## Exercise brief
Copy all data exactly. Skip pictures.

## Supplied data
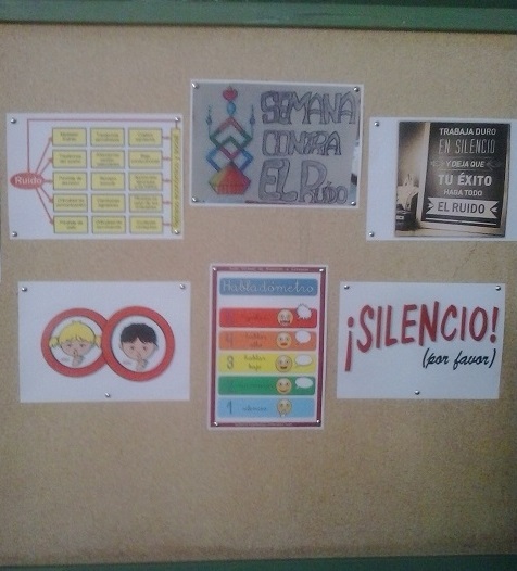 Pues bien, aprovechando que el 28 de abril, viernes, se celebraba el día internacional sobre la salud laboral y la prevención de riesgos, lanzamos la campaña contra el ruido con una exposición de carteles en los tablones de anuncios de los dos recintos de nuestro centro.
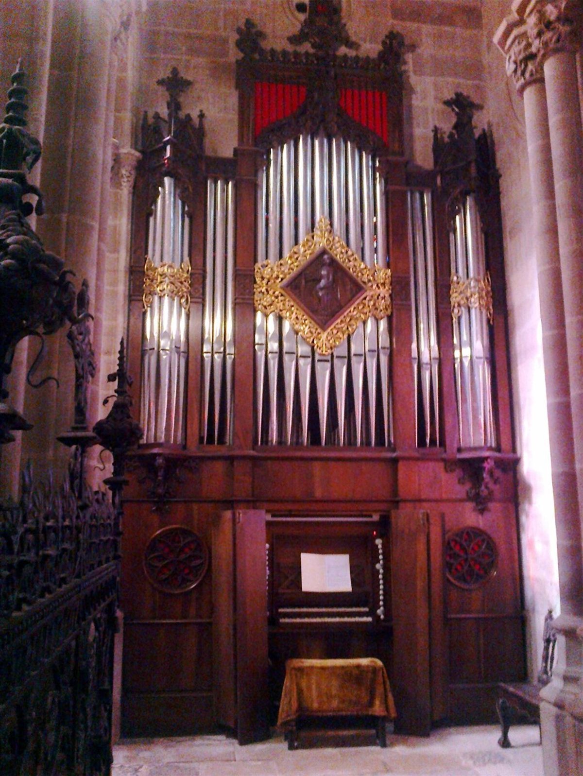 Según se explica en el dosier, se trata de un órgano romántico, totalmente mecánico, que se sitúa en el lado del Evangelio de la capilla. Su fachada neogótica es acorde con la fábrica del templo; en el cuerpo central consta de un relieve en madera que representa a Santa Cecilia y en la parte superior el rostro de Eolo. La consola es de ventana y la transmisión mecánica. Conserva el fuelle manual aunque tiene motor eléctrico.
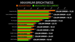 Starting with brightness testing, which is by far the most important aspect of a portable projector, but also the one that you can basically never trust when looking at manufacturer claims. The maximum brightness advertised will almost always be in a mode that you’d never want to use, but I started my testing by verifying brightness claims. Here are the advertised lumens compared to what I was able to measure, and you can see that the only projectors that were remotely usable in their brightest modes were the NexiGo Nova Mini, Epson LifeStudio Flex Plus, BENQ GV50, and Wemax S5 and the rest had unacceptable compromises in fan noise, color accuracy, or both.

## Solution to this exercise
 Pues bien, aprovechando que el 28 de abril, viernes, se celebraba el día internacional sobre la salud laboral y la prevención de riesgos, lanzamos la campaña contra el ruido con una exposición de carteles en los tablones de anuncios de los dos recintos de nuestro centro.
 Según se explica en el dosier, se trata de un órgano romántico, totalmente mecánico, que se sitúa en el lado del Evangelio de la capilla. Su fachada neogótica es acorde con la fábrica del templo; en el cuerpo central consta de un relieve en madera que representa a Santa Cecilia y en la parte superior el rostro de Eolo. La consola es de ventana y la transmisión mecánica. Conserva el fuelle manual aunque tiene motor eléctrico.
 Starting with brightness testing, which is by far the most important aspect of a portable projector, but also the one that you can basically never trust when looking at manufacturer claims. The maximum brightness advertised will almost always be in a mode that you’d never want to use, but I started my testing by verifying brightness claims. Here are the advertised lumens compared to what I was able to measure, and you can see that the only projectors that were remotely usable in their brightest modes were the NexiGo Nova Mini, Epson LifeStudio Flex Plus, BENQ GV50, and Wemax S5 and the rest had unacceptable compromises in fan noise, color accuracy, or both.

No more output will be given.